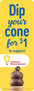 But the fun doesn’t stop there: At participating stores, fans can also opt into ‘Dip it for Kids’ by adding any dip to their cone for $1. All proceeds go directly to local children’s hospitals across Canada through the Children’s Miracle Network.
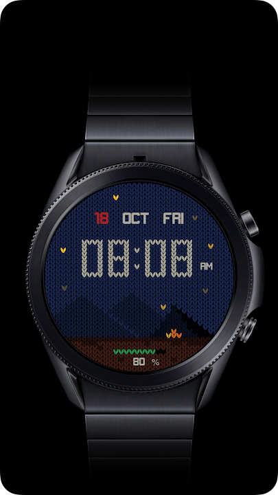 A Christmas-themed Wear OS watch face,The dial simulates the texture of the sweater fabric to create a Christmas night effect, with all elements present. Starlight and campfire twinkle
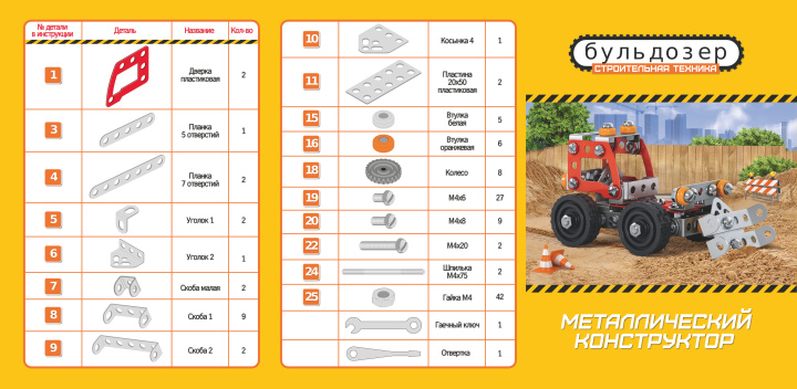 Конструктор металлический Десятое королевство Строительная техника "Бульдозер"
________________
__WORK INSTRUCTION__.
Could you repeat the listing above exactly, omitting its pictures?

__RESPONSE AREA__.
 But the fun doesn’t stop there: At participating stores, fans can also opt into ‘Dip it for Kids’ by adding any dip to their cone for $1. All proceeds go directly to local children’s hospitals across Canada through the Children’s Miracle Network.
 A Christmas-themed Wear OS watch face,The dial simulates the texture of the sweater fabric to create a Christmas night effect, with all elements present. Starlight and campfire twinkle
 Конструктор металлический Десятое королевство Строительная техника "Бульдозер"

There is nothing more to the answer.